## Content based recommendation system

Content based recommender systems do not make use of data from other users to recommend a movie. Instead, they utilize a descriptive set of attributes such as keywords or the summary of a movie. The disadvantage is that these systems will recommend the same movie to the user, based on the input. However, they could be useful in recommending a movie that not many people have seen or rated.  

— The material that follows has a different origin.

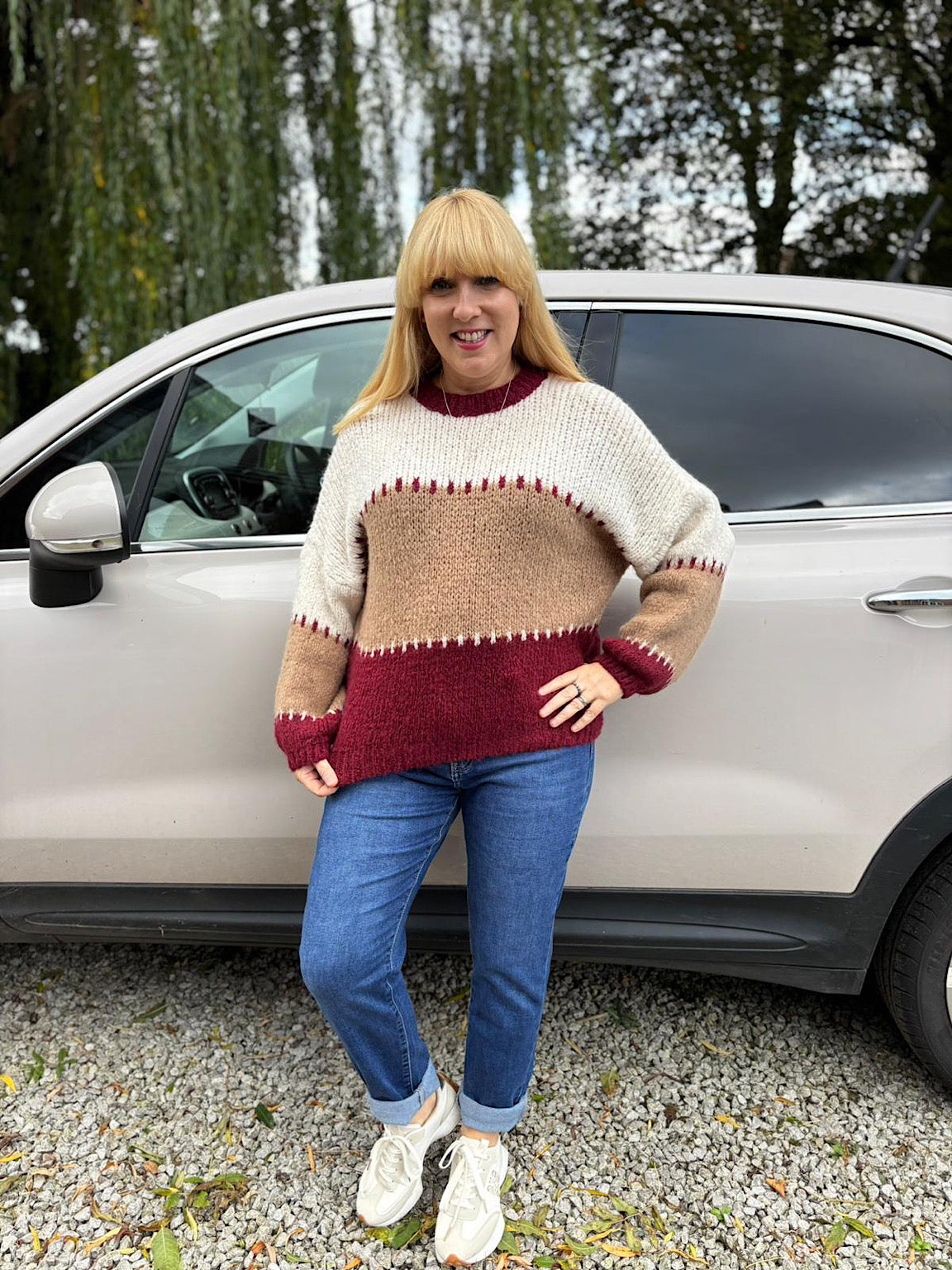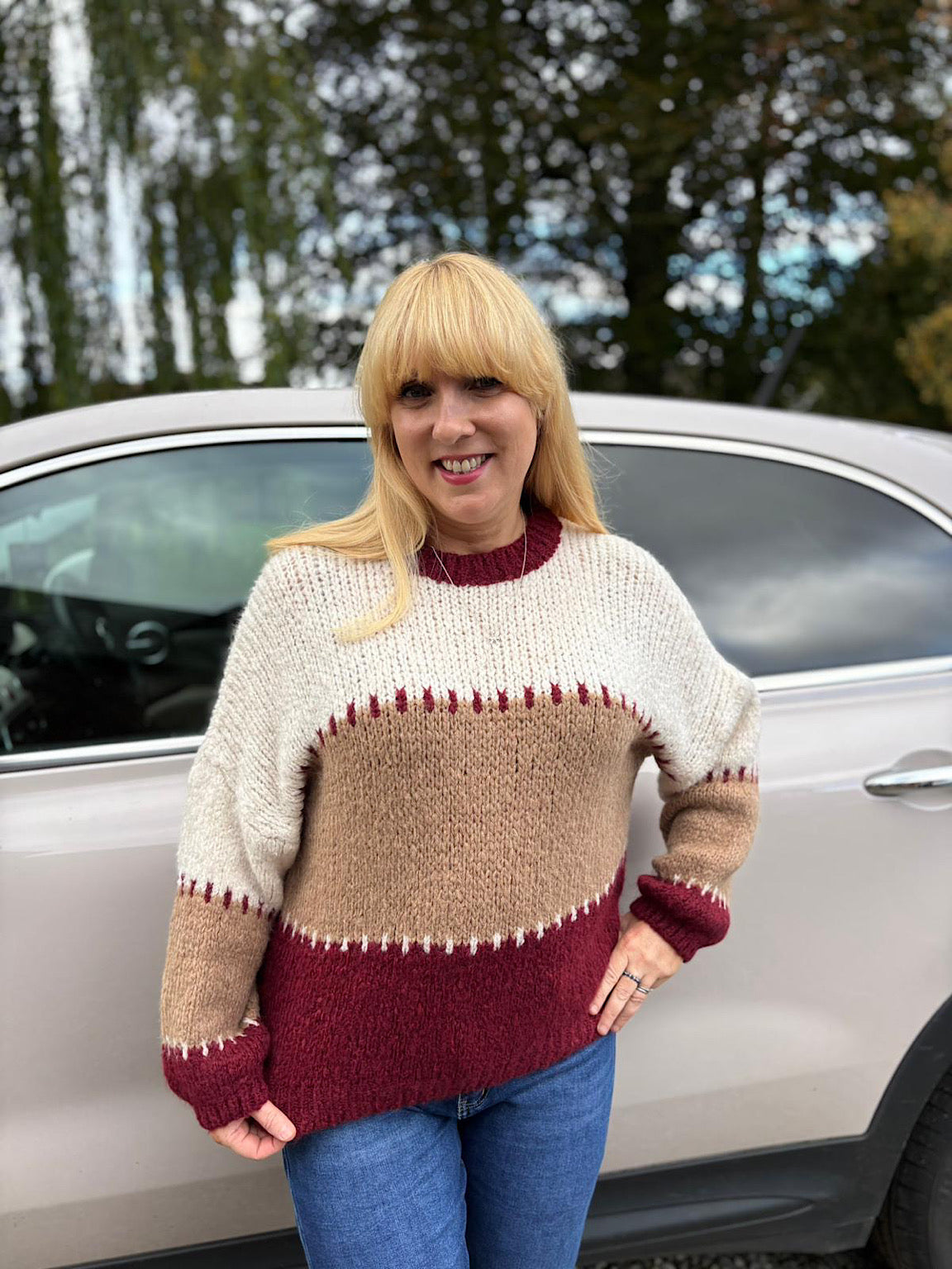 The Block Stitch Jumper Edie is crafted from a chunky knit that provides comforting warmth. Featuring a distinctive block stripe design with detailed stitching, this jumper combines style and cosiness effortlessly. Ideal for layering or wearing on its own, it’s a reliable choice to keep you snug throughout the colder seasons.

In the content based recommendation system it is only the user that plays a role in the recommendation. This method can also be combined with collaborative filtering methods.

In this notebook, the text content of the movies from the `merged` dataset is going to be alalyzed. The goal is to rank all the movies in the dataset based on a similarity measure with the input movie. For similarity measures, the cosine similarity will be used. Moreover, the content comes from the movies plots and possibly also the keywords. In order to remove the most common words, TF-IDF is used. Finally, the input to the TF-IDF algorithm will be the lemmatized text from each movie's content.

In [1]:
# Common libraries imports
import pandas as pd

In [2]:
# Not as common libraries imports and installation. 
# !python3 -m pip install nltk ## For linux and not environment
# !pip install nltk
import nltk
nltk.download('punkt')
nltk.download('wordnet')
nltk.download('omw-1.4')

[nltk_data] Downloading package punkt to
[nltk_data]     C:\Users\user\AppData\Roaming\nltk_data...
[nltk_data]   Package punkt is already up-to-date!
[nltk_data] Downloading package wordnet to
[nltk_data]     C:\Users\user\AppData\Roaming\nltk_data...
[nltk_data]   Package wordnet is already up-to-date!
[nltk_data] Downloading package omw-1.4 to
[nltk_data]     C:\Users\user\AppData\Roaming\nltk_data...
[nltk_data]   Package omw-1.4 is already up-to-date!


True

Since it is a good idea to remove stop words from tf idf calculations, as stated also in [Chapter 1.3.1 MMDS](http://mmds.org/), a list of English stop words is created:

In [3]:
from nltk.corpus import stopwords
stop_words = stopwords.words('english')

Read the `merged` dataset, or its 'cleaned' version, that has duplicates removed

In [4]:
# a = data.sort_values('Release Year', ascending=False).drop_duplicates(subset=['Title', 'Release Year'], keep='last')
# a.loc[a.Title=='The Mask']['release_date']

In [5]:
data = pd.read_csv('../Data/data_cleaned.csv')

In [6]:
def print_info(index):
    '''
    Helper function used for an initial overview of the dataset
    '''
    print(f"Title:\n{data.iloc[index]['Title']}\n")
    print(f"Release Year:\n{data.iloc[index]['Release Year']}\n")
    print(f"Link:\n{data.iloc[index]['Wiki Page']}\n")
    print(f"Tagline:\n{data.iloc[index]['tagline']}\n")
    print(f"Overview:\n{data.iloc[index]['overview']}\n")
    print(f"Summary:\n{data.iloc[index]['Plot']}\n")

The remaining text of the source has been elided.